Atlantas Group Inc. and hits owner and president Edmund Hysni have reached a $7.2M settlement with the U.S. Commodity Futures Trading Commission. The money is restitution and civil penalty to settle charges of solicitation fraud and the purported making by Hysni of material false statements to the National Futures Association.
According to the CFTC order, between ’06 and ’12 Atlantas and Hysni falsely represented to customers that they would be giving back about 300% of customers’ initial investments, their investment strategy was conservative and safe, and their performance history was a successful one. The charges against the firm and Hysni are related to options on futures contracts trading that took place on the Commodity Exchange and the Chicago Board of Trade.

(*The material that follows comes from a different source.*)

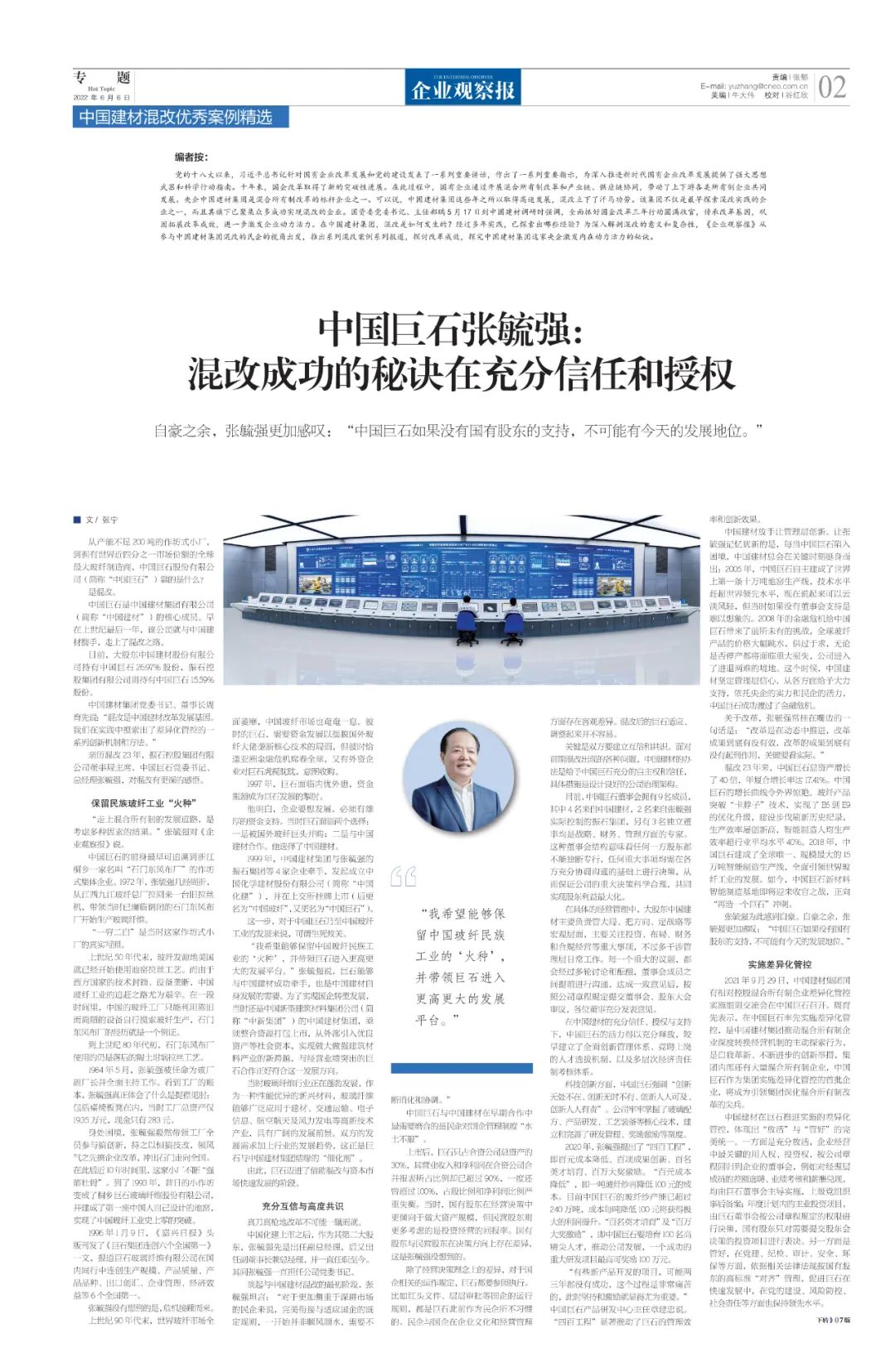beat365体育官方网站党委书记、董事长周育先说:“混改是中国建材改革发展基因。我们在实践中摸索出了差异化管控的一系列创新机制和方法。”

The regulator said that contrary to the misrepresentations, Hysni and Atlantas invested clients’ funds in an out-of-the-money option spread that caused customers to suffer financial losses. Also, Atlantas is accused of collecting about 90% of clients’ losses in commissions while misrepresenting the impact of the commissions. The commissions, said the SEC, affected customer losses and profits, the trading strategy used, and how much Atlantas charged customers.
Hysni is accused of making the false statements to the NFA during its probe into the fraud allegations. The CFTC said Hysni was liable for the alleged violations committed by Atlantas as its President and owner. The regulator said Atlantas was liable for Hysni’s violations because he acted for the firm.
Jointly and severally, Hysni and Atlantas will pay $5M of restitution and $2.2M of a civil monetary penalty. They are permanently barred from trading on any entities that are registered. They also are no longer allowed to take part in commodity-related activities.